START Data shown

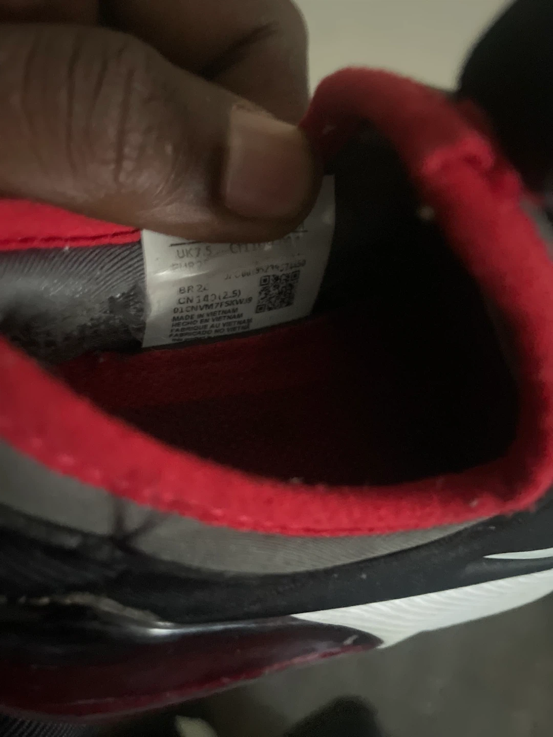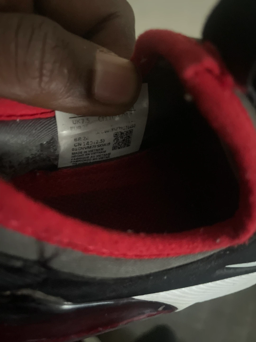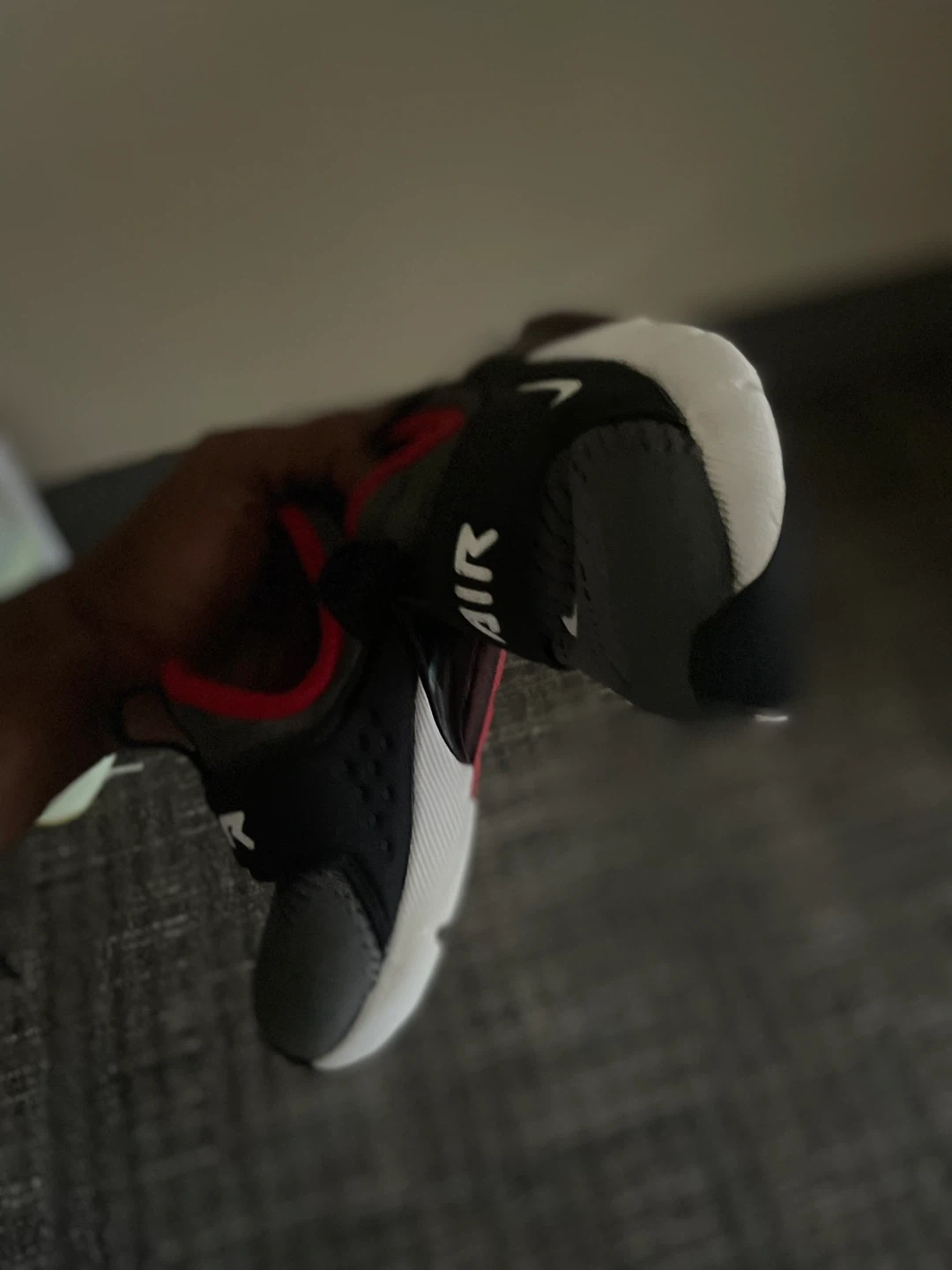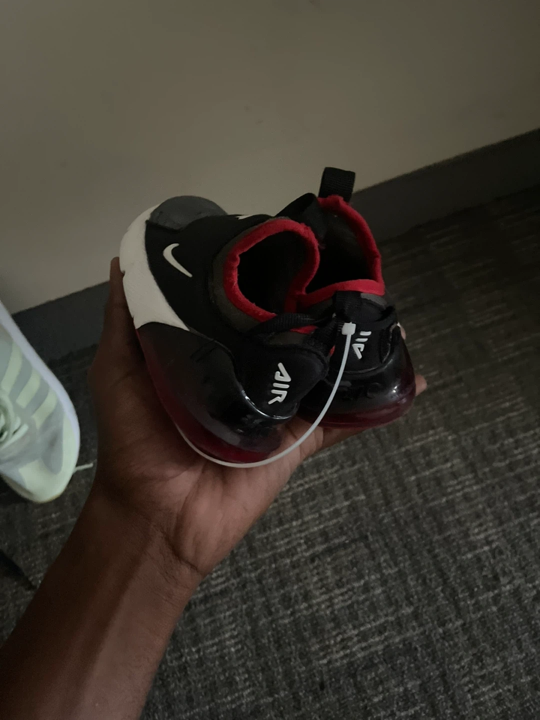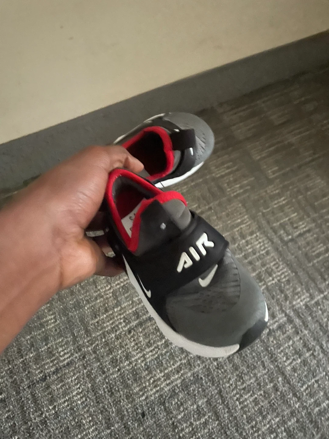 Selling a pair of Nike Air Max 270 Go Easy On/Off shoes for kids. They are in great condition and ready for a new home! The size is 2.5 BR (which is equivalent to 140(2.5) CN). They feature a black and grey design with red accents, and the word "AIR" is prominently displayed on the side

END Data shown
START Data shown

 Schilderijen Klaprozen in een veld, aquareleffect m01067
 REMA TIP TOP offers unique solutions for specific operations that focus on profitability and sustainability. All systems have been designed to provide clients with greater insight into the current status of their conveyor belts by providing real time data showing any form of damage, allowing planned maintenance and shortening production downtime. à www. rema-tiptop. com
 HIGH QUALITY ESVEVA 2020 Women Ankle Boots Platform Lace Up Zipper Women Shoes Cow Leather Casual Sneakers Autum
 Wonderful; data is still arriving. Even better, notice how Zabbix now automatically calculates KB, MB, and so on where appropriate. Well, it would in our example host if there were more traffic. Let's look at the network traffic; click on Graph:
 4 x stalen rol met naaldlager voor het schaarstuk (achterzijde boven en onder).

END Data shown

- [How to complete this task] All that is needed is the exact run of lines above from the line containing "HIGH QUALITY ESVEVA" through the line containing "4 x stalen rol", both of them included.

- [Written answer]
 HIGH QUALITY ESVEVA 2020 Women Ankle Boots Platform Lace Up Zipper Women Shoes Cow Leather Casual Sneakers Autum
 Wonderful; data is still arriving. Even better, notice how Zabbix now automatically calculates KB, MB, and so on where appropriate. Well, it would in our example host if there were more traffic. Let's look at the network traffic; click on Graph:
 4 x stalen rol met naaldlager voor het schaarstuk (achterzijde boven en onder).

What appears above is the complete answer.